My sense of perspective is all out of whack. People have come up to me during this last week and innocently asked, “So, what are you doing this weekend?” My reply is always a goggle of disbelief. How is it possible that anyone around here could not know about the play? I have to force myself to smile pleasantly and calmly reply, “Actually, that play Aimee and I are directing? That one I’ve been talking about all autumn? Well, it’s finally hitting the stage. Let me point out that poster that’s been hanging over there for the past few weeks. See? This weekend. Come check us out if you’ve got the time.”

And then I grit my grinning teeth and wait for them to explain to me about what a busy time of year this is, especially this weekend.

December 8, 2006

Much Ado

This weekend, on a small stage in our humble hamlet, a vision will be realized; a vision that – dream-like – was born six months ago, on another stage, when the world was entirely different.

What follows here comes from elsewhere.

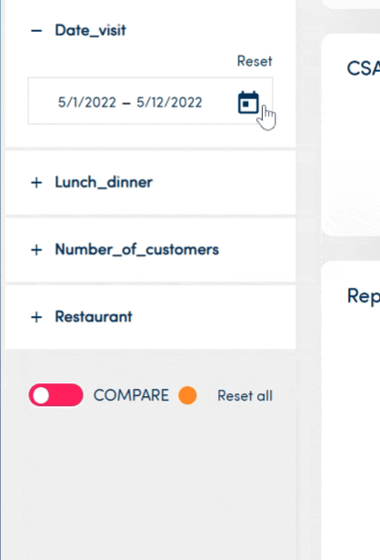 You can activate the compare functionality when you want to compare two consumer segments, such as younger and older customers.
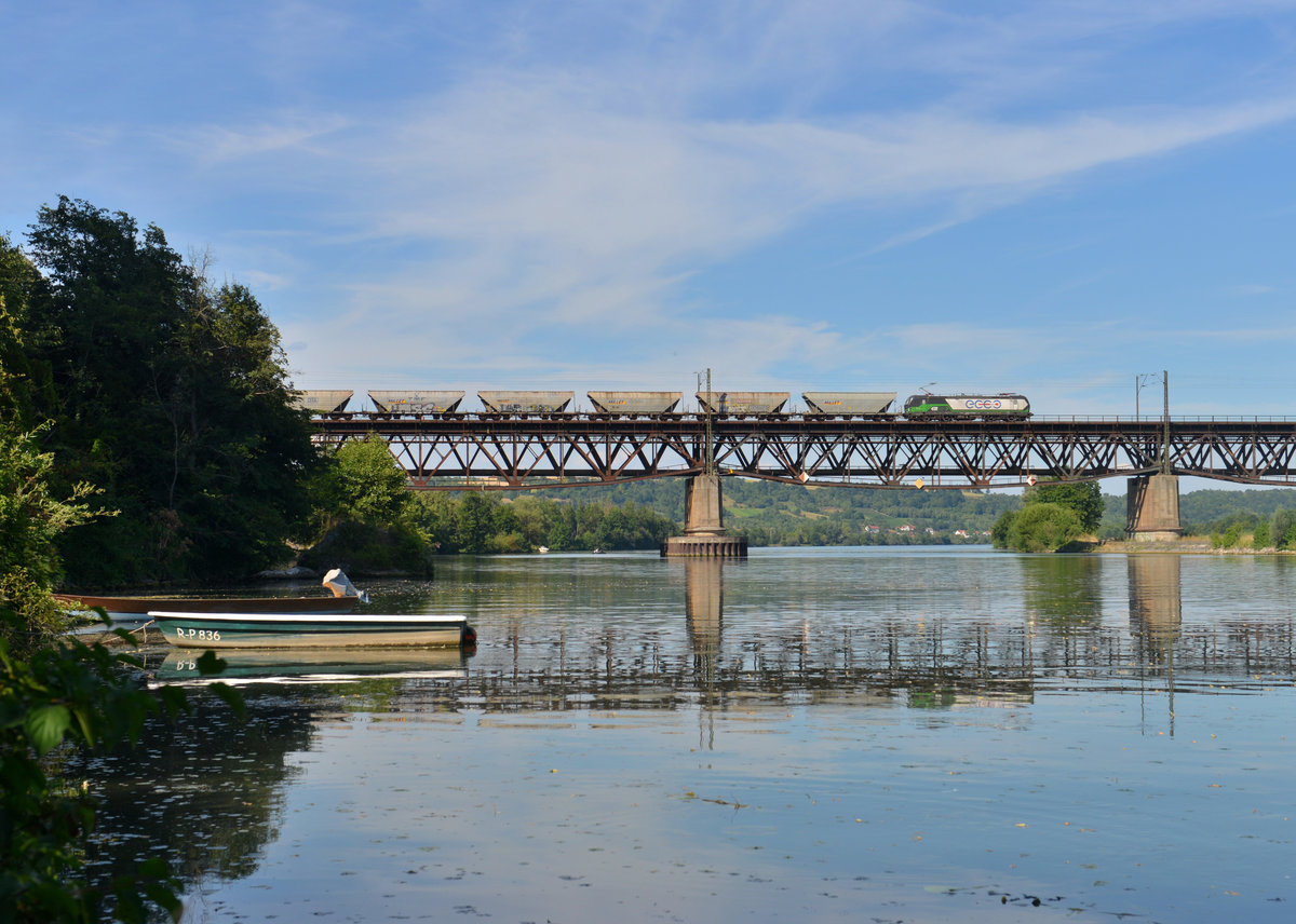 Hallo Stefan, auf der Brücke stehen die Masten nur rechts im Bild und tragen die Fahrleitungen für beide Gleise

During the dark winter of 1999, as I was chipping away at my undergraduate degree in the frigid chill of Minneapolis, I was warmed by the fire of friendship in an unassuming production of Much Ado About Nothing. I whet my Shakespearean skill with my performance of Conrade, a sometime chum of Don John, the play’s villain. I was two years into a stormy, broody relationship with Joel at the time, who had often taken every opportunity to boast about (and relive) the time he’d played Hamlet in high school, so I thought that auditioning and performing Shakespeare might provide me with some windows into the soul of my sweetheart and would give me an opportunity to be on stage. I got much more than I bargained for when I fell head-over-heals for the amusing wit and gripping story of Much Ado.

As a performer and theatre devotee, I keep a running catalogue of plays in my mind that I’d like to see performed, that I’d like to perform, and that I’d like to direct. Someday, I hope to see Joel and Adelaide perform King Lear and Cordelia. One day, I hope to play Lady Croom in a production of Tom Stoppard’s Arcadia, sing the role of Mrs. Lovett in Sweeney Todd, enact the role of Miss Hannigan in Annie, and try my hand at Chekov. And for years, directing a youth production of Much Ado About Nothing, set in a high school, was always percolating on the back burners of my brain.

So, without further ado, I am pleased and proud to present – after six months of rehearsing, planning, blocking, memorizing, and teaching – The Vermillion Community Theatre Understudies in William Shakespeare’s Much Ado About Nothing.

Come and see us if you’re in the region!

December 7, 2006

Thanksgiving: A Retrospective

It’s been a pretty busy time here in Toadsland since we returned from our Thanksgiving travels; busy with play rehearsals, employment, crawling, and learning issues ... But before I get to explaining all of that, here’s Thanksgiving 2006, for your pleasure.

Smile!

Ah! Gathering for the annual family photo is always fun and often involves many digital cameras, a wooden ladder, and hats and scarves (though the temperature was a balmy 60 degrees).

Ae&Erna

Two heads ... One red, one wait-and-see.

Ae&Duckie

When traveling Adelaide always enjoys bathtime in other people's sinks with other people's fun tubtime toys.

Ae&Doug.jpg

Adelaide and Grandpa Doug bond over a self-composed atonal piano piece, perhaps in the style of Béla Bartók ... Who knows?